Stakes come from characters, not facts.
Empire implicitly gets that. Drenched in egotism, the lighting, cinematography, constant music and every melodramatic line of dialogue drives home how much each character cares about their goals.
Halfway through the pilot, Empire Entertainment CEO Lucious Lyon, announces to his family and executive that he’s dying of ALS (despite the Ice Bucket challenge) and one of them will have to take over after his death. And so, like the princes of yore, there’s a dynastic struggle for the throne. Business and family and prestige are the same sort of stakes that powered a soap opera like Dallas. And they work just as well here.
New York Times columnist Ross Douthat has made the argument several times that, because of the lack of consequence for breaking social mores these days, modern realistic fiction struggles to capture the drama of, say, Anna Karenina. But Empire gets around that with its setting: In the music industry, image is still everything, and everything speaks to your image.

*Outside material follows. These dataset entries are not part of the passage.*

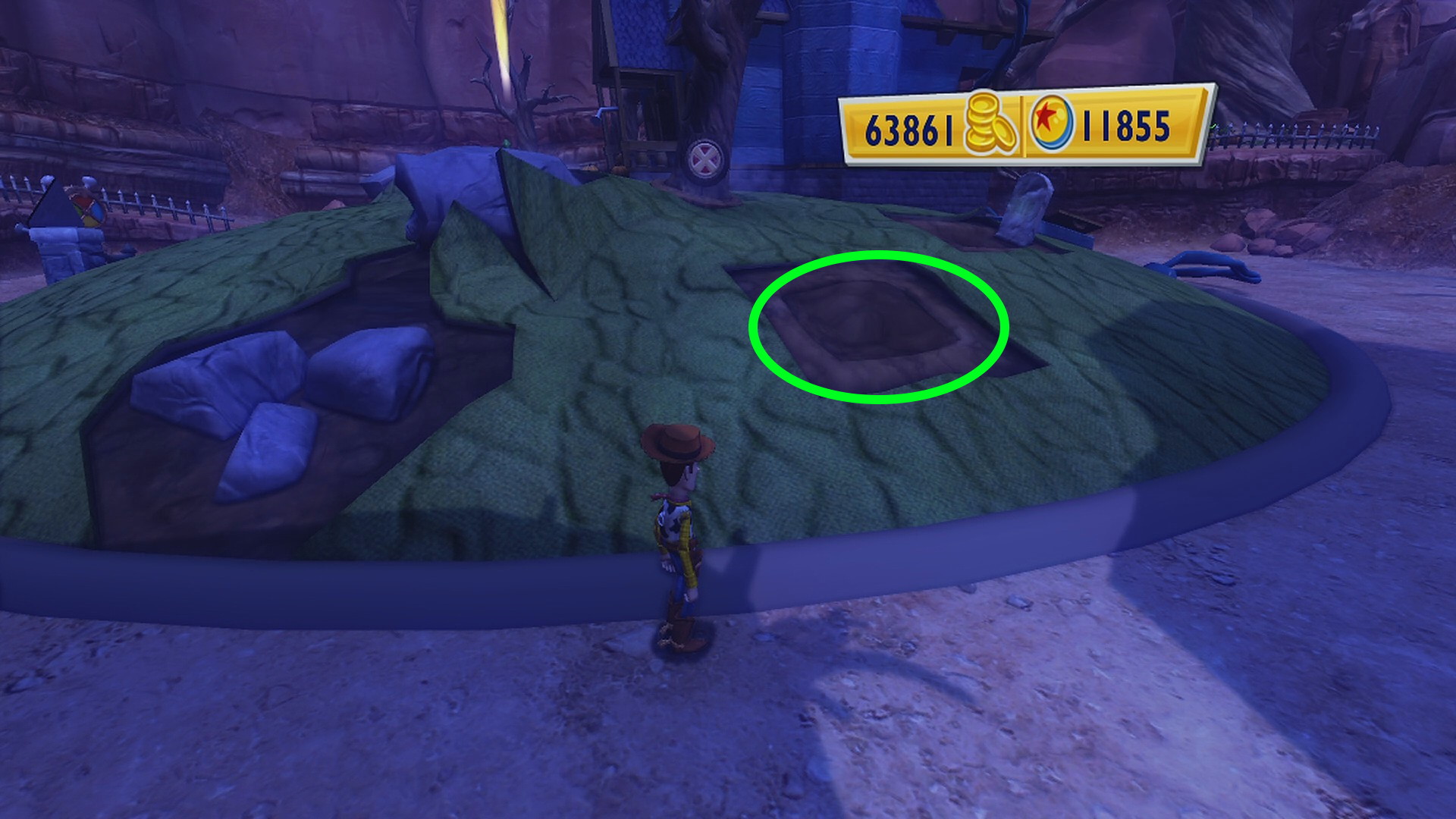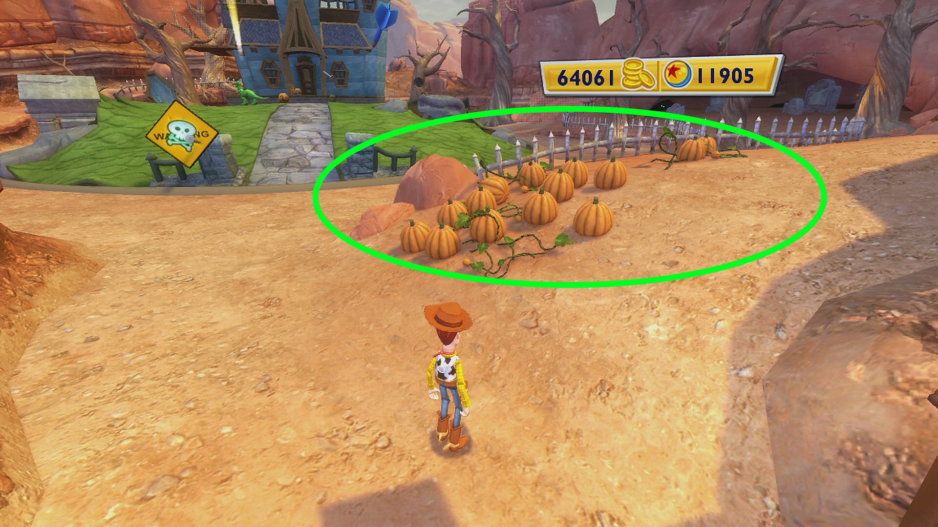 - Slinky’s Ranch の庭 (畑)へ行き、かぼちゃを育てる (もぐらを6匹倒すミニゲームをクリアする)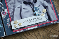 Le altre decorazioni le ho ricavate da diversi set, sia di timbri che fustelle, compresi i pianeti e la luna, creati con l'aiuto del set "Dashing Circles", uno dei miei preferiti perché estremamente versatile! Ho poi deciso di sfruttare livelli e trasparenze con il vellum per completare le pagine e creare delle simpatici finestrelle sulle foto.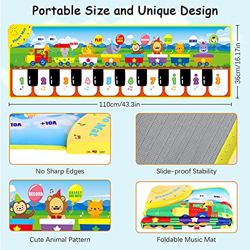 - Diseño Lindo y Varios Sonidos: Una alfombra de piano grande y bien hecha, con lindos patrones de trenes y animales, realmente atrae mucho a los niños pequeños. Y el juguete musical incluye 8 sonidos de animales (elefante, león, gato, etc.), 3 instrumentos (piano, violín y xilófono), 10 canciones y 10 teclas. ¡Todo esto mantendrá a tu pequeño entretenido y encantado!

And the industry is dying. The empire of Lucious is in its twilight years. As the family fights for control, they’re fighting over dwindling scraps. To that add deep veins of anger running through their relationships. And to that add the context of racism, greed, violence, desire, and homophobia.
Empire’s not perfect. The final scene ends with a murder of a barely established character, exactly the duller sort of stakes the show’s avoided elsewhere. The flashbacks are didactic, sometimes painfully cheesy.
But as flawed as the flashbacks are, they pound home character ambition – and not just for corporate power, but for love, acceptance, revenge, and all those classic dramatic elements. Empire’s success will depend on whether it can stoke the fire of those ambitions, and keep tossing fresh stakes on the flames.